Problem to solve » Give a verbatim copy of the lines below, minus the pictures.

Collected material below:

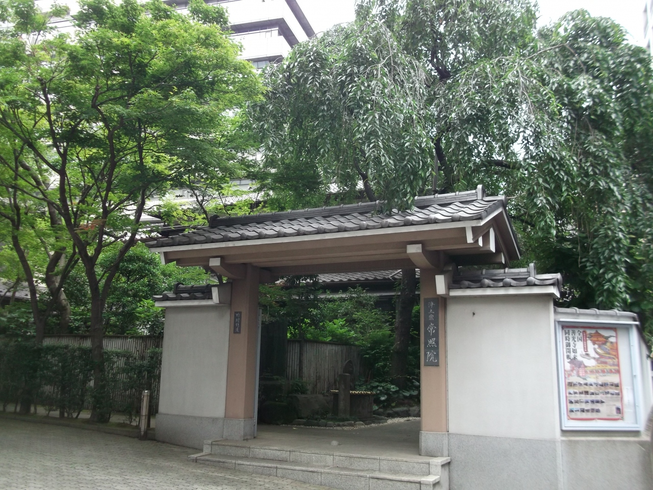 地下鉄大門駅から増上寺に向かう途中にある、浄土宗の寺院です。新しさを感じる山門を抜けると参道の両側に古井戸、石碑が並び、その先に一見民家風の本堂がありました。街中にありながら敷地内は緑に囲まれていて、落ち着いた雰囲気があります。江戸時代享保年間に起きた白子屋事件に関係した、白子屋お熊の供養碑もありました。
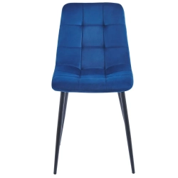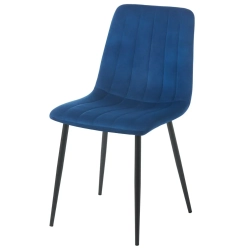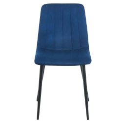 MAŁE KRZESŁO DO JADALNI ROTE Z PRZESZYCIAMI NIEBIESKIE VELVET NA CZARNYCH NOGACH
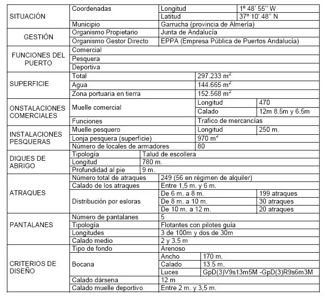 - Organismo gestor: Empresa Pública de Puertos de Andalucía, la cual tiene arrendados 5 pantalanes de la zona deportiva al Club Náutico Garrucha con un total de 227 amarres y ella gestiona directamente el antiguo espigón del puerto con 22 amarres destinados a barcos deportivos.

End of Collected material.

Exercise solution »
 地下鉄大門駅から増上寺に向かう途中にある、浄土宗の寺院です。新しさを感じる山門を抜けると参道の両側に古井戸、石碑が並び、その先に一見民家風の本堂がありました。街中にありながら敷地内は緑に囲まれていて、落ち着いた雰囲気があります。江戸時代享保年間に起きた白子屋事件に関係した、白子屋お熊の供養碑もありました。
 MAŁE KRZESŁO DO JADALNI ROTE Z PRZESZYCIAMI NIEBIESKIE VELVET NA CZARNYCH NOGACH
 - Organismo gestor: Empresa Pública de Puertos de Andalucía, la cual tiene arrendados 5 pantalanes de la zona deportiva al Club Náutico Garrucha con un total de 227 amarres y ella gestiona directamente el antiguo espigón del puerto con 22 amarres destinados a barcos deportivos.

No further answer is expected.